## Exercise requirements:
Beginning with the top line of the listing below, give again every line up to and including the line with "Audi R8 LMSをドライブする富田竜一郎だ。"; pictures do not belong in the copy.

## Recorded information:

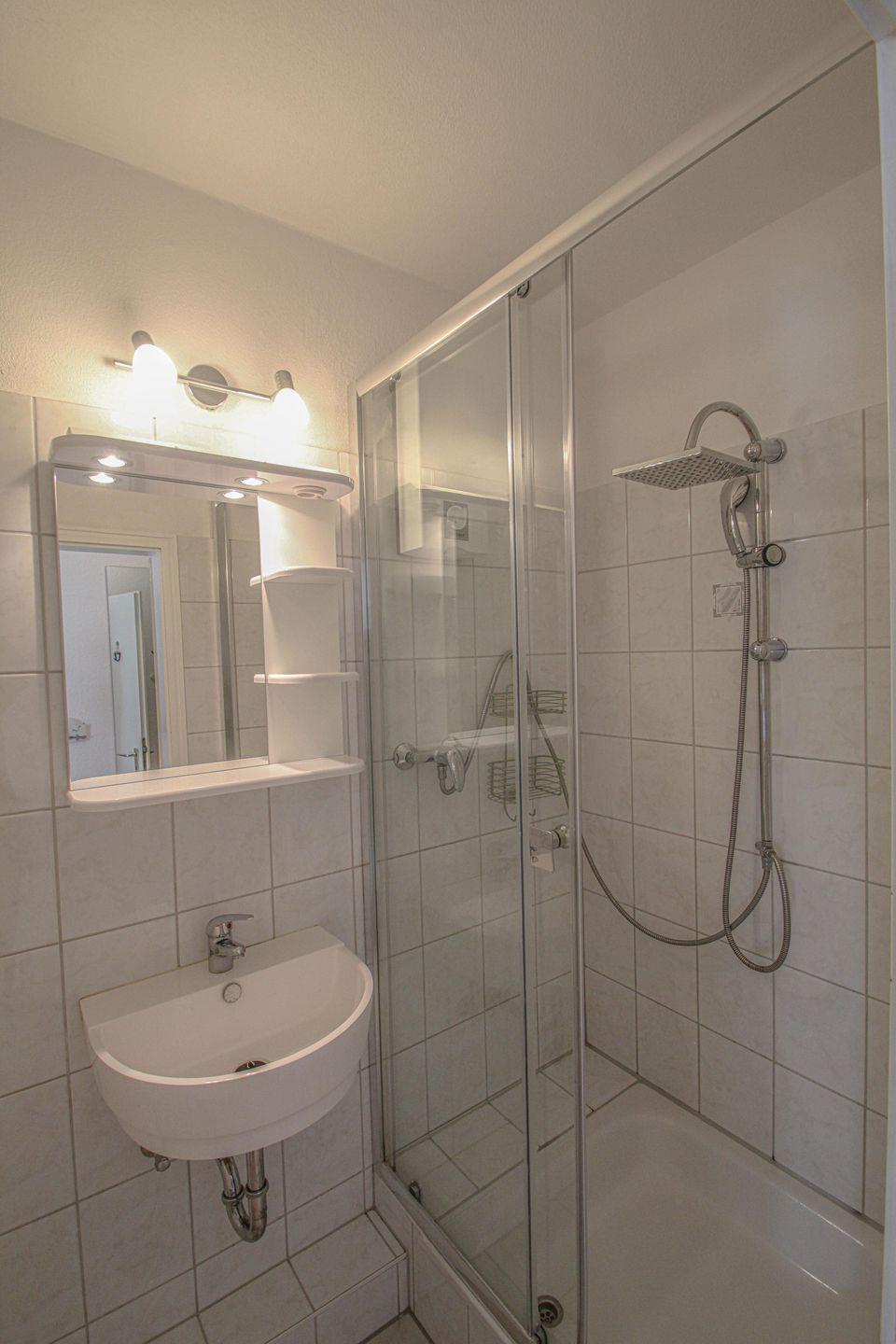 Das Bad verfügt über eine Dusche mit Wanne, ein Waschbecken, Spiegel sowie ein WC. Eine gemeinschaftlich nutzbare Waschmaschine und ein Trockner stehen im Gebäude zur Verfügung. Für zusätzlichen Komfort finden Sie in der Wohnung ein Bügeleisen, Wäscheständer und Staubsauger.
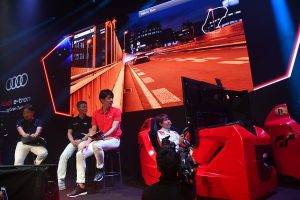 当然、このアウディe-tron・ビジョン・グランツーリスモは、実車としても存在するマシンだが、グランツーリスモ内で自由にドライブすることができる。今回は会場に設営された試遊台を使ってレースが行われたが、それに先立ち“デモラン”を行ったのは、スーパーGTでHitotsuyama Audi R8 LMSをドライブする富田竜一郎だ。
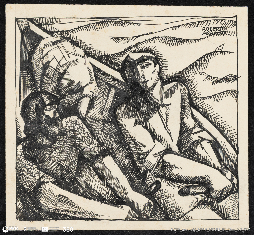 Matéria/Técnica: Tinta da china sobre papel; Cronologia: Séc. XX; Autoria: Roberto Araújo; Dimensões: Altura: 32 cm x Largura: 49 cm.

## Answer to this exercise:
 Das Bad verfügt über eine Dusche mit Wanne, ein Waschbecken, Spiegel sowie ein WC. Eine gemeinschaftlich nutzbare Waschmaschine und ein Trockner stehen im Gebäude zur Verfügung. Für zusätzlichen Komfort finden Sie in der Wohnung ein Bügeleisen, Wäscheständer und Staubsauger.
 当然、このアウディe-tron・ビジョン・グランツーリスモは、実車としても存在するマシンだが、グランツーリスモ内で自由にドライブすることができる。今回は会場に設営された試遊台を使ってレースが行われたが、それに先立ち“デモラン”を行ったのは、スーパーGTでHitotsuyama Audi R8 LMSをドライブする富田竜一郎だ。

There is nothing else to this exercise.